ABOUT THIS EXERCISE: Word for word, reproduce each line of the data below, omitting every image.

DATASET EXTRACT:
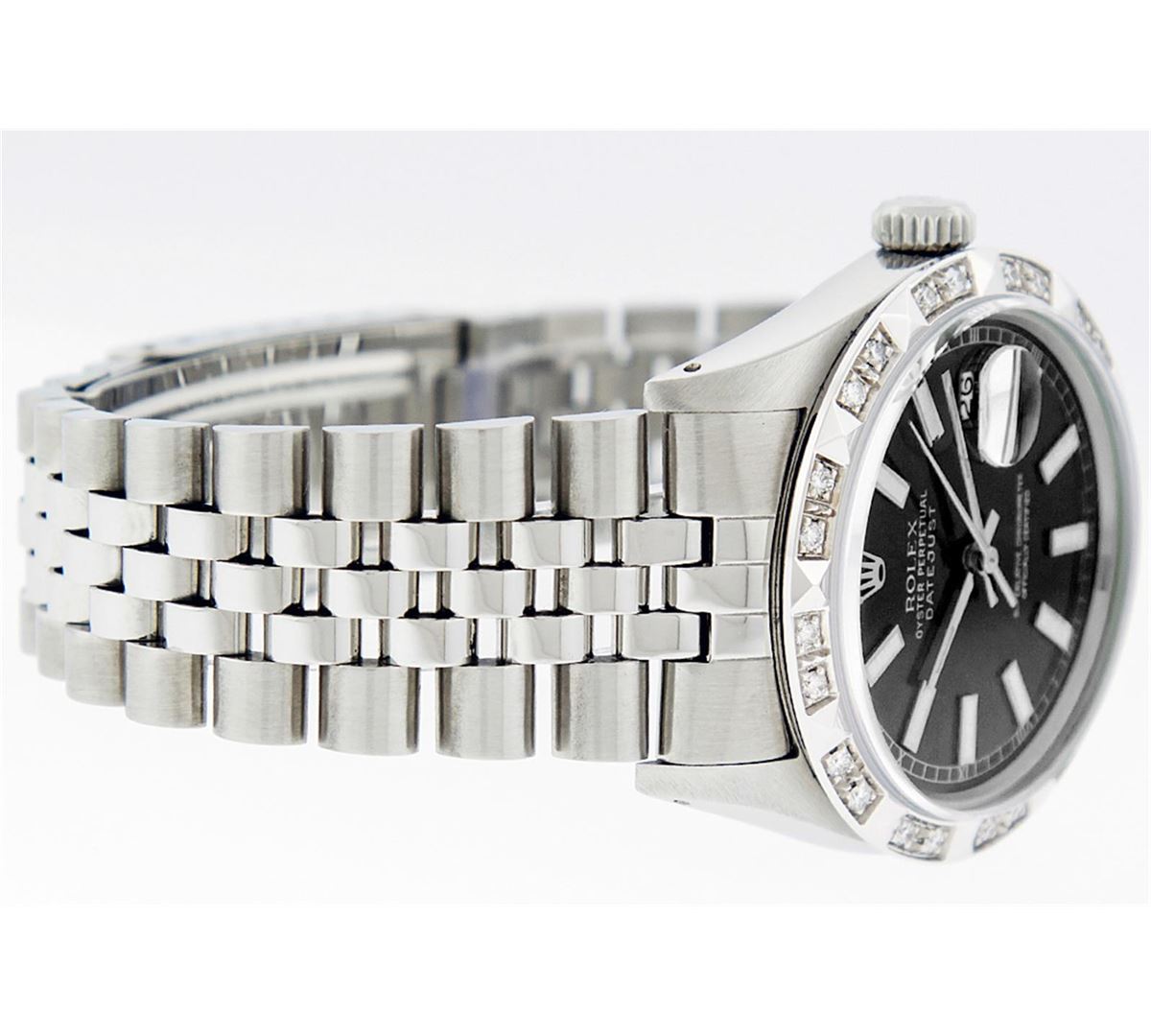 One Mens Rolex Datejust Polished Bright with Satin Finish, Serviced & Electronically Tested, Stainless Steel Case:36mm, Stainless Steel Crown, Custom Bezel:18K White Gold Pyramid Diamond Bezel, Diamond Count: 24 Diamonds Total Weight .70 Carat, Clarity: SI-VS, Color: G to H. Custom Crystal: Synthetic Sapphire Cyclops Lens. Movement: Automatic Winding Movement Caliber 3035. Custom Dial: Black Index Dial With Square Roman Track. Date Window: 3 O'Clock Position Date Display, Quickset, Model: Datejust. Condition: G-6 Extra Fine. Bracelet:Stainless Steel Jubilee. Bright Polish & Satin Finish. 7.0 Inch Length, Adjustable. Standard Clasp, With Rolex Logo.
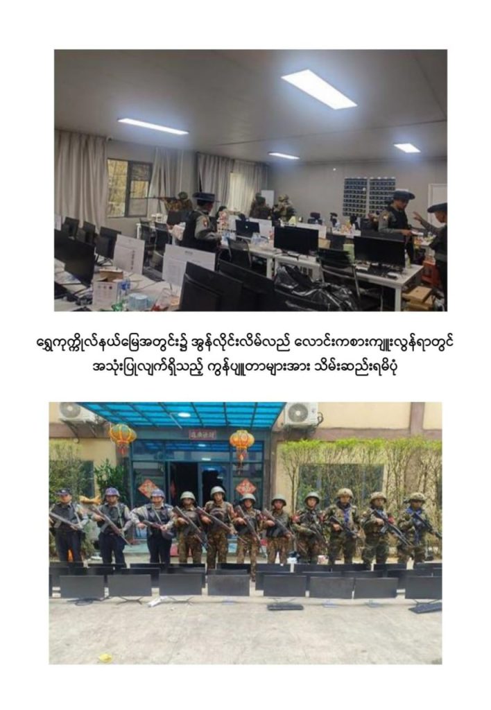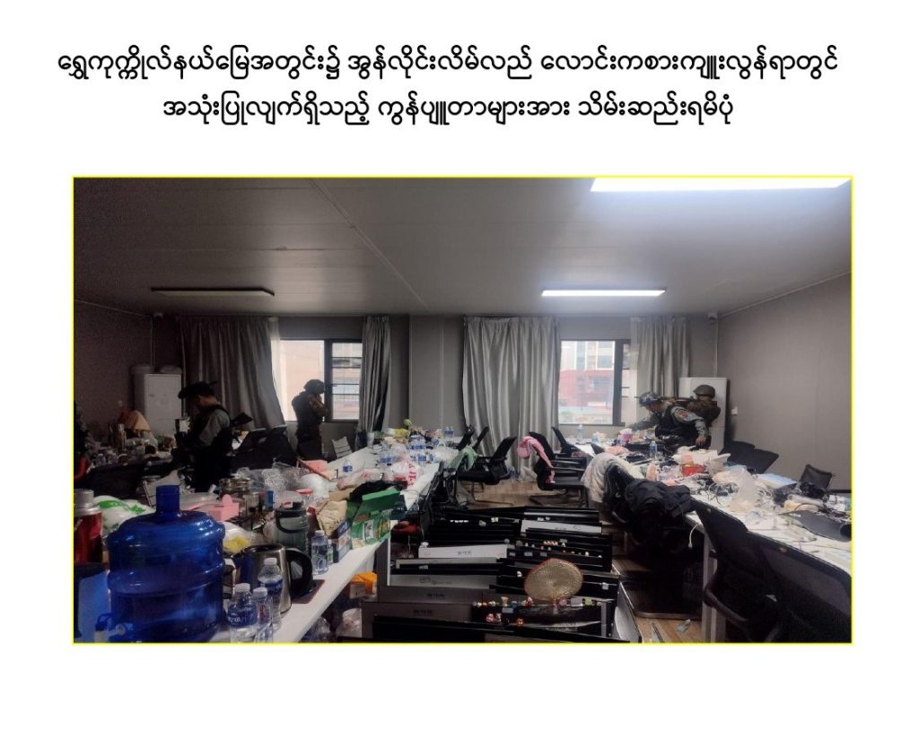 မြန်မာနိုင်ငံအစိုးရအနေဖြင့် နိုင်ငံတကာနှင့် တစ်ကမ္ဘာလုံးကို အန္တရာယ်ပေးနေသည့် Online လိမ်လည်မှုများ၊ Online လောင်းကစားမှုများ တိုက်ဖျက်ရေးလုပ်ငန်းစဉ်များကို အမျိုးသားရေးတာဝန်တစ်ရပ်အနေဖြင့် အလေးထားတိုက်ဖျက်ဆောင်ရွက်လျက်ရှိသည်။
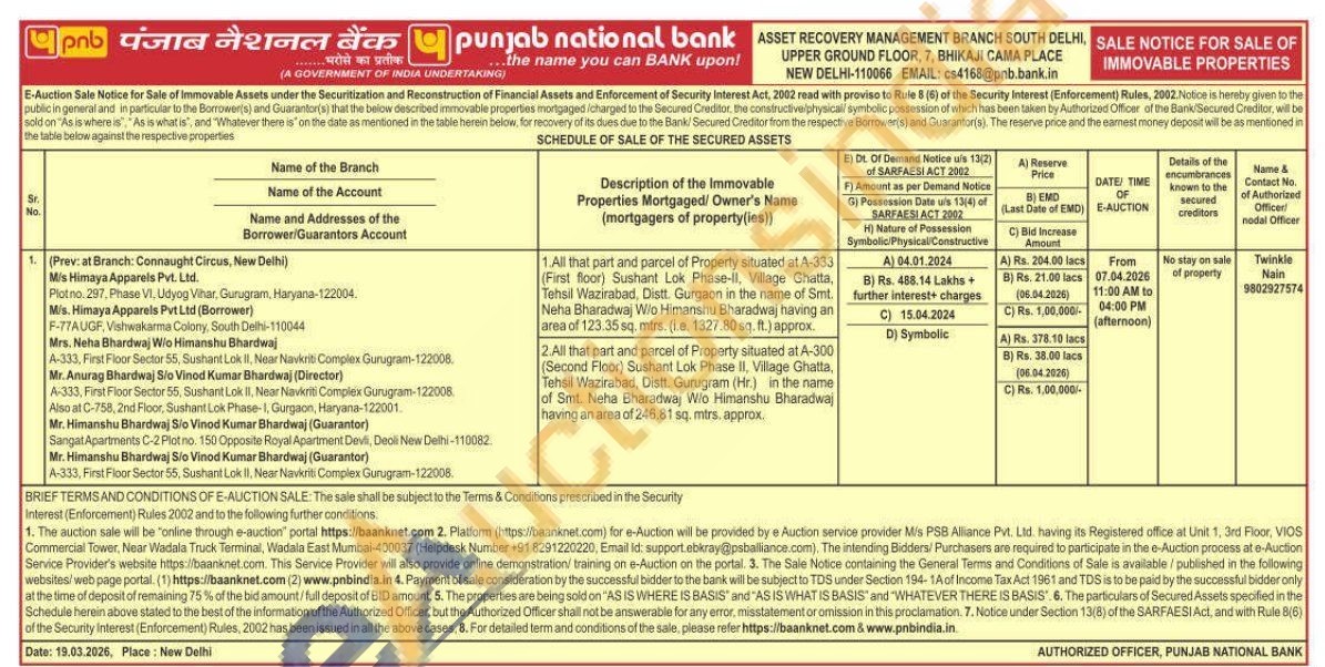 All that part and parcel of Property situated at A-300 (Second Floor) Sushant Lok Phase II, Village Ghatta, Tehsil Wazirabad, Distt. Gurugram (Hr.) in the name of Smt. Neha Bharadwaj Wło Himanshu Bharadwaj having an area of 246.81 sq. mtrs. approx
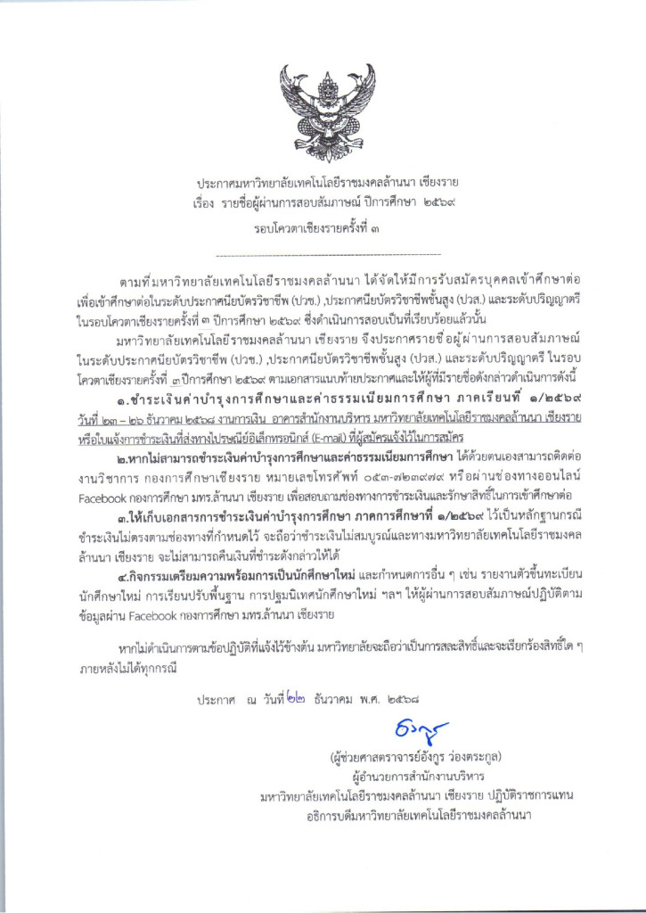 ประกาศมหาวิทยาลัยเทคโนโลยีราชมงคลล้านนา เชียงราย

OUTPUT FOR THIS EXERCISE:
 One Mens Rolex Datejust Polished Bright with Satin Finish, Serviced & Electronically Tested, Stainless Steel Case:36mm, Stainless Steel Crown, Custom Bezel:18K White Gold Pyramid Diamond Bezel, Diamond Count: 24 Diamonds Total Weight .70 Carat, Clarity: SI-VS, Color: G to H. Custom Crystal: Synthetic Sapphire Cyclops Lens. Movement: Automatic Winding Movement Caliber 3035. Custom Dial: Black Index Dial With Square Roman Track. Date Window: 3 O'Clock Position Date Display, Quickset, Model: Datejust. Condition: G-6 Extra Fine. Bracelet:Stainless Steel Jubilee. Bright Polish & Satin Finish. 7.0 Inch Length, Adjustable. Standard Clasp, With Rolex Logo.
 မြန်မာနိုင်ငံအစိုးရအနေဖြင့် နိုင်ငံတကာနှင့် တစ်ကမ္ဘာလုံးကို အန္တရာယ်ပေးနေသည့် Online လိမ်လည်မှုများ၊ Online လောင်းကစားမှုများ တိုက်ဖျက်ရေးလုပ်ငန်းစဉ်များကို အမျိုးသားရေးတာဝန်တစ်ရပ်အနေဖြင့် အလေးထားတိုက်ဖျက်ဆောင်ရွက်လျက်ရှိသည်။
 All that part and parcel of Property situated at A-300 (Second Floor) Sushant Lok Phase II, Village Ghatta, Tehsil Wazirabad, Distt. Gurugram (Hr.) in the name of Smt. Neha Bharadwaj Wło Himanshu Bharadwaj having an area of 246.81 sq. mtrs. approx
 ประกาศมหาวิทยาลัยเทคโนโลยีราชมงคลล้านนา เชียงราย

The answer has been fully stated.